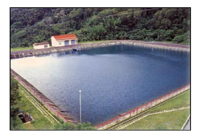
Figure 4. A lined open water pond in Taitung, Taiwan
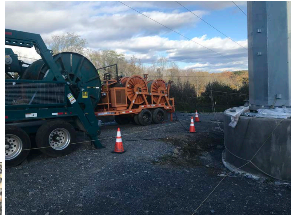
Above: Rope Pulling Machines Left: Hard Line Center: Conductor Right: Straw Line
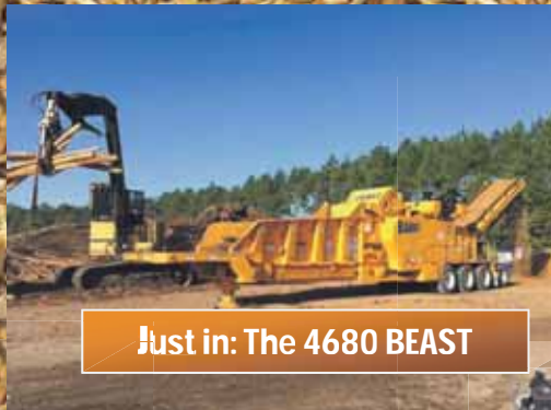
Just in: The 4680 BEAST

"Your Best Choice for Equipment & Parts!" www.qualityequipandparts.com or www.qmparts.com
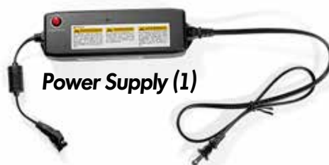
Power Supply (1)
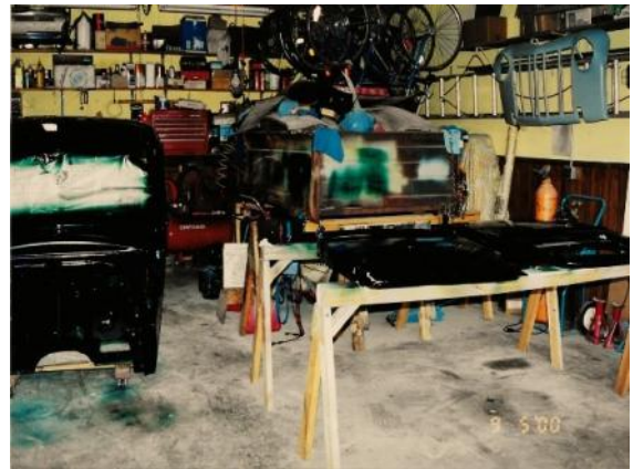
Garage Paint Shop
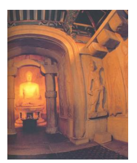
The First Sunlight shines on Buddha.

This large rock called Taewantam (Great King's Rock), submerged in the East Sea, is known as the underwater mausoleum of Silla's King Munmu, who unified the Korean army of Tang China in 676. The king died in 680 and his body was cremated. This granite rock on the sea is said to have been the place where his remains were preserved in accordance with the will of the king. The tomb, 20 meters away from the shore, is known as the world's only undersea mausoleum. It is interesting that every morning when the sun rises, sunlight is radiated by the diamond on the Buddha's forehead to the water where the tomb lies. It is said the tomb is protected. In addition, Avalokitesvara and smiling Buddhas are the added attractions. Buddhist followers believe that by visiting all these shrines they could feel eternal peace.
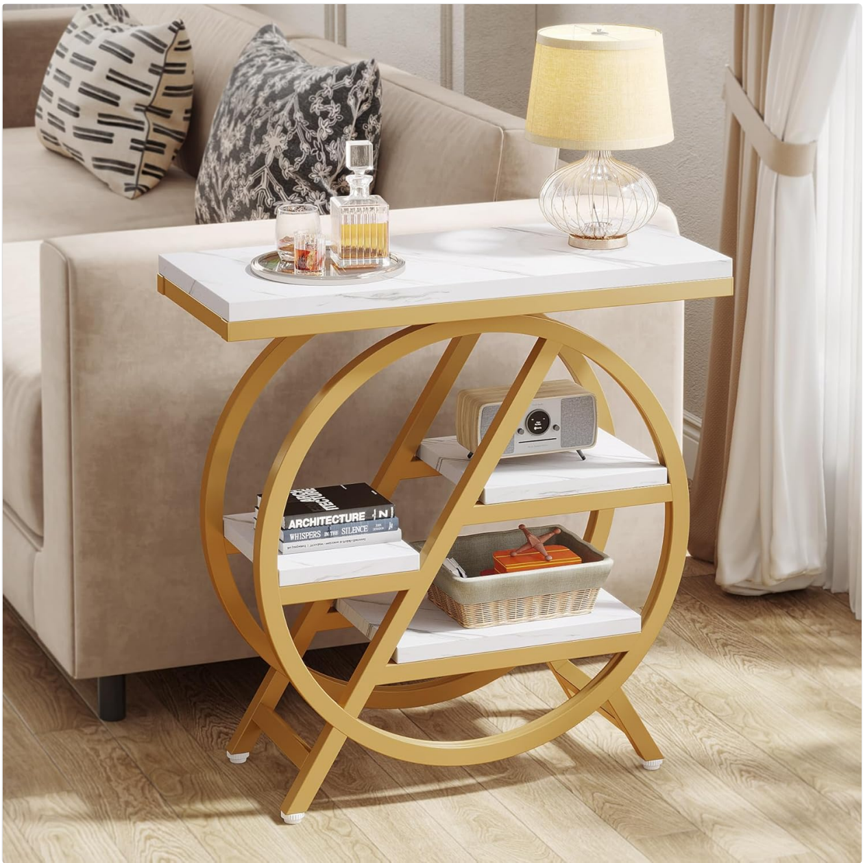
Image 1: The Tribesigns 3-Tier Faux Marble Side Table positioned in a living room, showcasing its use as a sofa end table.
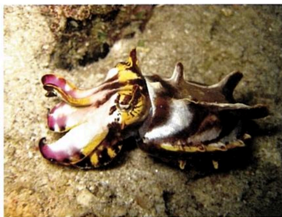
△Borneo - Flamboyant Cuttlefish

time we have taken this specific trip in what we now refer to as the Annual Hurghada Trip and it was, by far, SSAC's biggest trip yet with 47 divers and 19 family members. For a lot of new divers, this is the culmination of recently learned scuba skills and is, by way, a very nice reward to having tak-
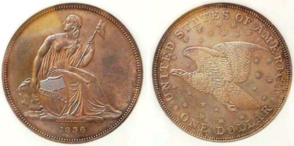
An 1836 Gobrecht Liberty Seated dollar graded AU-58 by NGC [Enlarge page to 150% or fill monitor screen to view details.]
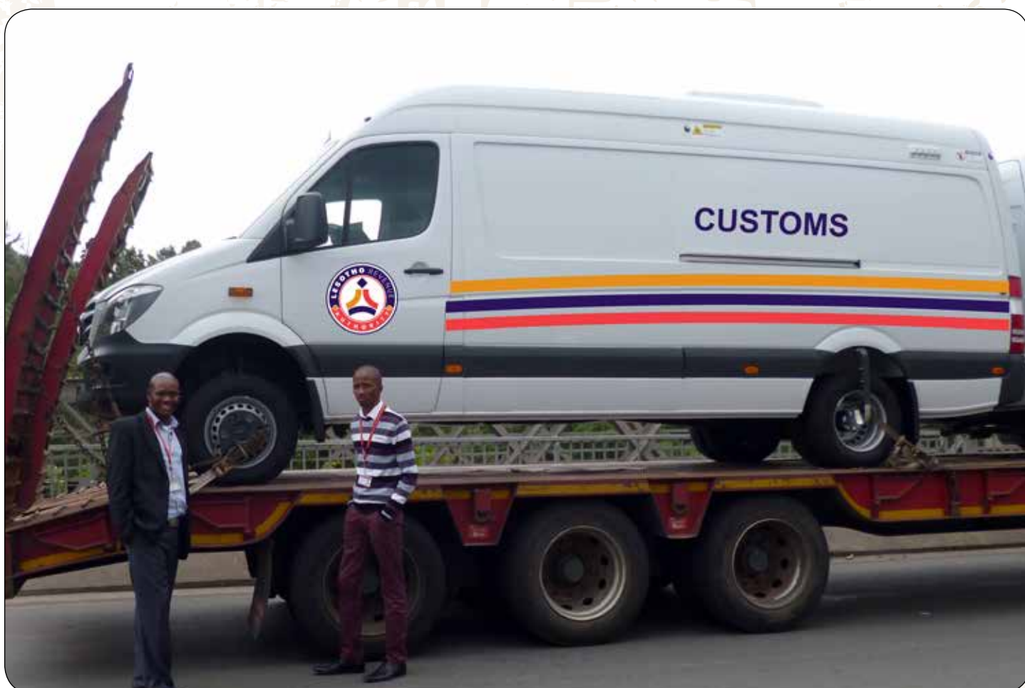
LRA officers posing for a photo in front of the new Compact Mobile Scanners

The scanners will allow Customs to perform checks on vehicles without physically opening the vehicle thus improving speed and efficiency of the processes.
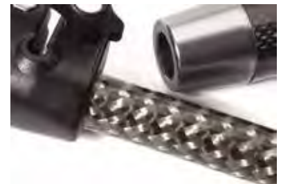
Strong, lightweight, and stable carbon fiber tubes are easy to machine and finish, and mate well with metal fittings.
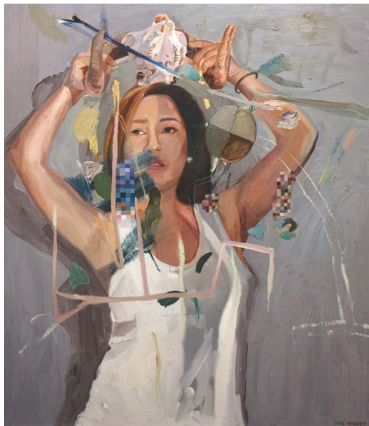
Winner Jumalon, Encuentro , 2016, oil on canvas, 122 x 107cm.
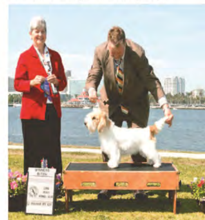
Our newest Member – CH. Gemshorn You Were Made for Me (Roxy)

★ ★ ★ ★ ★

Work item
Reproduce each line from the data that has "Buddha" in it.

Task result
The First Sunlight shines on Buddha.
This large rock called Taewantam (Great King's Rock), submerged in the East Sea, is known as the underwater mausoleum of Silla's King Munmu, who unified the Korean army of Tang China in 676. The king died in 680 and his body was cremated. This granite rock on the sea is said to have been the place where his remains were preserved in accordance with the will of the king. The tomb, 20 meters away from the shore, is known as the world's only undersea mausoleum. It is interesting that every morning when the sun rises, sunlight is radiated by the diamond on the Buddha's forehead to the water where the tomb lies. It is said the tomb is protected. In addition, Avalokitesvara and smiling Buddhas are the added attractions. Buddhist followers believe that by visiting all these shrines they could feel eternal peace.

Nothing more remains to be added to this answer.